As China expands its nuclear energy infrastructure and increases its power capacity, the demand for uranium is also increasing. In 2024, the country imported thirteen thousand tons of natural uranium, while SCMP reports that domestic production is only around seventeen hundred tons. The International Atomic Energy Agency estimates that China’s uranium demand will cross forty thousand tons by 2040.
Demand has reached the point where China’s uranium mines have failed to keep up. Chinese scientists have now directed their attention to the extraction of uranium from the sea. The world’s oceans are estimated to carry a thousand times more uranium ore reserves than on the ground, which is about four and a half billion tons of uranium.
The process is not simple. In seawater, the concentration of heavy metals is extremely low, at just three and a third milligrams per ton. In addition, the presence of the transition metal vanadium in the sea presents a challenge because it has chemical properties similar to uranium, and the two must first be separated through a complicated extraction process.
Greater demand for marine extraction of uranium has led to groundbreaking research. Lanzhou University’s Frontiers Science Centre for Rare Isotopes has developed a technology that improves uranium-vanadium separation efficiency by forty times. This new process can selectively capture uranium ions over vanadium ions.
Professor Pan Duoqiang of the Frontiers Science Centre led the study which was published in the international journal Nature Communications earlier this month. Adapting to large-scale application could secure China a sustainable and independent way of ensuring a dependable uranium supply.
Metal-organic frameworks (MOFs) are a class of compounds that combine inorganic and organic elements. They form a coordination polymer which is distinguished from conventional adsorbents by highly tunable structures, diverse functions, and vast surface areas. These features make MOFs highly effective for selectively separating uranium.
Professor Pan explained that using existing MOF presents certain challenges. He said, “Designing MOFs with overly precise structure-activity relationships often results in a decrease in the specific surface area of the materials and a reduction in the density of active sites.”
To deal with this issue, researchers integrated hydrocarbon diphenylethylene (DAE) molecules into the MOF materials.
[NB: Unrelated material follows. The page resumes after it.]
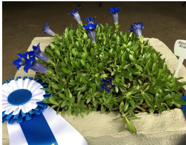
Gentiana acaulis

This innovation allows the MOFs to adjust their pore size when exposed to ultraviolet light.
The modified DAE-MOF material was tested in simulated and real seawater containing metals similar to uranium to evaluate its uranium adsorption capabilities.
The tests revealed that the DAE-MOF material has a uranium adsorption capacity of five hundred and eighty-eighty milligrams per gram and a uranium-vanadium separation factor of two hundred and fifteen, significantly outperforming all previous materials tested in both simulated and natural seawater conditions.
From the 1980s to the 1990s, Japan led the development of seawater uranium extraction. They achieved the extraction of two and two tenths pounds of yellowcake, or uranium concentrate, through extensive marine trials, the highest yield reported to date.
The state-owned China National Nuclear Corporation, manages all sector aspects. In November 2019 it formed the Seawater Uranium Extraction Technology Innovation Alliance with 14 domestic research institutes.
The alliance has established ambitious objectives for the next thirty years, up to 2050. From 2021 to 2025, the first phase aims to replicate Japan’s pound-level achievement. The alliance’s long-term goals include constructing a ton-scale demonstration plant by 2035 and achieving continuous industrial production by 2050.